| Brief |
The reply should reproduce every line of the data below word for word, minus any images.

[[ Dataset content open ]]

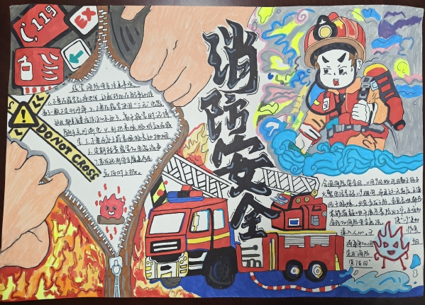 活动邀请同学们围绕学生公寓安全的多个方面展开创作。在创作过程中,同学们尽情挥洒创意,运用了彩色铅笔、水彩、剪贴画等多种艺术手法,将原本枯燥的安全知识转化为一幅幅色彩斑斓、生动有趣的手抄报。有的作品以消防安全为主题,通过生动的火灾逃生场景描绘,提醒同学们时刻保持警惕;有的作品则聚焦于用电安全,用形象直观的漫画形式展示了正确用电的重要性;还有的作品结合防盗防骗知识,巧妙融入智斗骗子的故事情节,既富有教育意义又引人入胜。
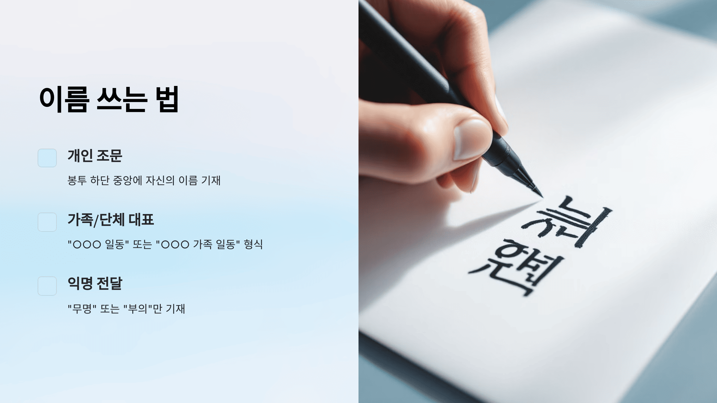 - 글씨는 정갈하고 또렷하게 쓰며, 붓펜이나 검정 펜을 사용하는 것이 예의입니다.
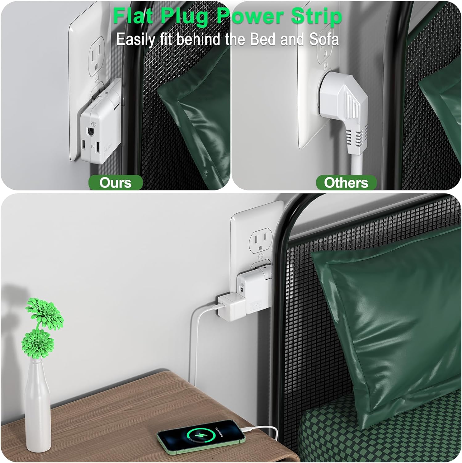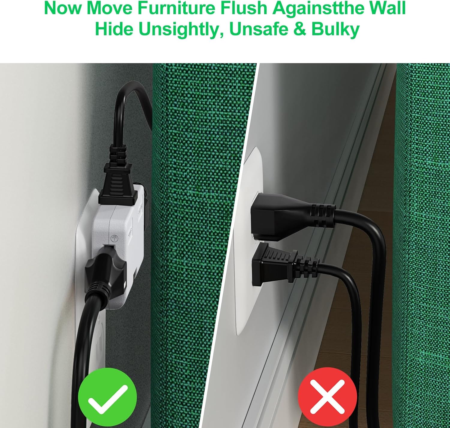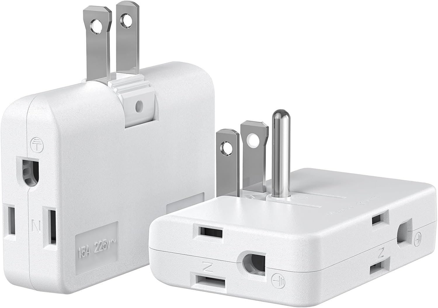 2-Prong/3-Prong Swivel Adapter, Polarized Grounding Converter with Flat Wall Plug, Fireproof 3-Outlet for Home Use (2 Pack)

[[ Dataset content closed ]]

| Answer space |
 活动邀请同学们围绕学生公寓安全的多个方面展开创作。在创作过程中,同学们尽情挥洒创意,运用了彩色铅笔、水彩、剪贴画等多种艺术手法,将原本枯燥的安全知识转化为一幅幅色彩斑斓、生动有趣的手抄报。有的作品以消防安全为主题,通过生动的火灾逃生场景描绘,提醒同学们时刻保持警惕;有的作品则聚焦于用电安全,用形象直观的漫画形式展示了正确用电的重要性;还有的作品结合防盗防骗知识,巧妙融入智斗骗子的故事情节,既富有教育意义又引人入胜。
 - 글씨는 정갈하고 또렷하게 쓰며, 붓펜이나 검정 펜을 사용하는 것이 예의입니다.
 2-Prong/3-Prong Swivel Adapter, Polarized Grounding Converter with Flat Wall Plug, Fireproof 3-Outlet for Home Use (2 Pack)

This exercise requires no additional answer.